= Task goal =
Skipping all pictures, print exactly the lines below from the one with "OYFE DERİ KEMERLİ" through the final line.
──────── Dataset excerpt
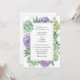 Convite de casamento com aquarelas suculentas em tons de verde e roxo ao redor de uma estrutura de ouro. Personalize com suas informações ou clique em "Clique para personalizar mais" para editar estilos de fonte, tamanho e cores.
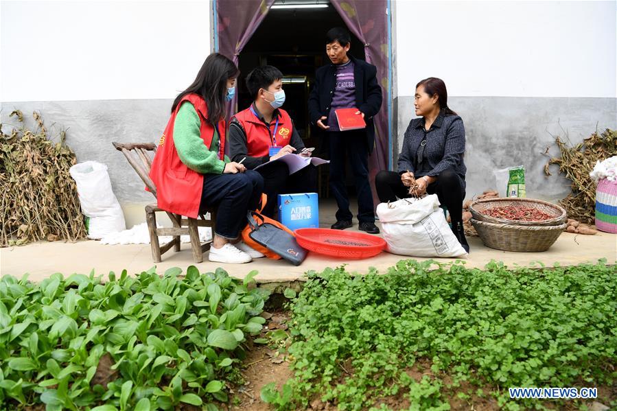 Census takers register residents' information of a household in Zipeng Town of Feixi County, Hefei City of east China's Anhui Province, Nov. 1, 2020. China on Sunday started its seventh national population count, with about 7 million census takers going door to door to document demographic changes in the world's most populous country. (Xinhua/Liu Junxi)
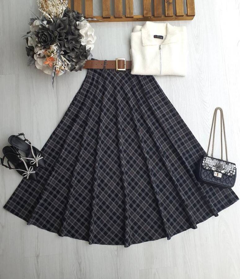 OYFE DERİ KEMERLİ BEL YANDAN FERMUARLI EKOSE KİLOŞ ETEK B7-1-6086-97-KOYU FÜME
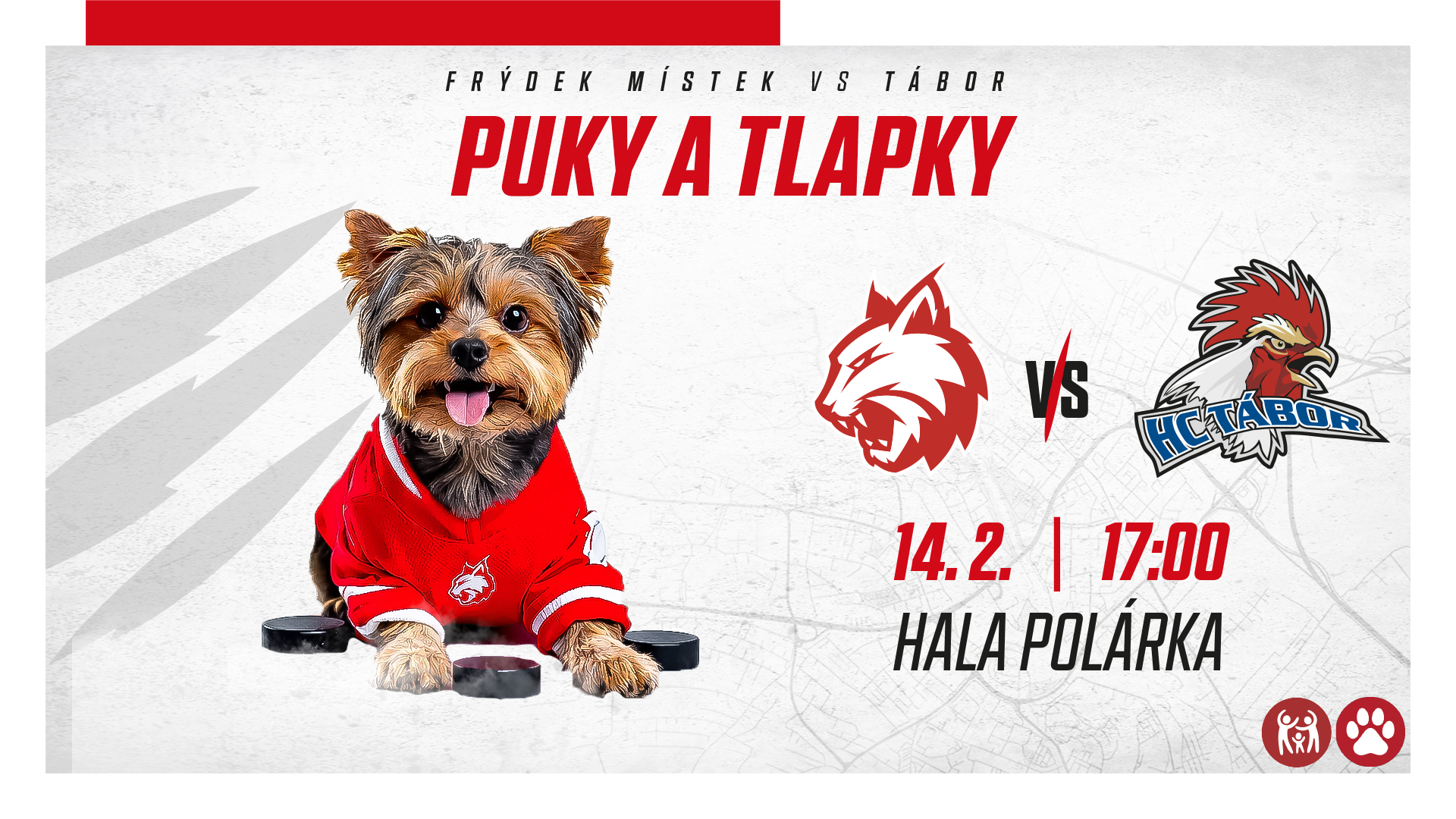 V dalším kole Maxa ligy čeká Frýdek-Místek na domácím ledě v sobotu 14.2. od 17:00 soupeř z Tábora. Toto utkání nebude obyčejné, neboť událost Puky a tlapky se vrací! Vezměte svého čtyřnohého parťáka na hokej a podpořte naše rysy!
────────────────
= Answer box =
 OYFE DERİ KEMERLİ BEL YANDAN FERMUARLI EKOSE KİLOŞ ETEK B7-1-6086-97-KOYU FÜME
 V dalším kole Maxa ligy čeká Frýdek-Místek na domácím ledě v sobotu 14.2. od 17:00 soupeř z Tábora. Toto utkání nebude obyčejné, neboť událost Puky a tlapky se vrací! Vezměte svého čtyřnohého parťáka na hokej a podpořte naše rysy!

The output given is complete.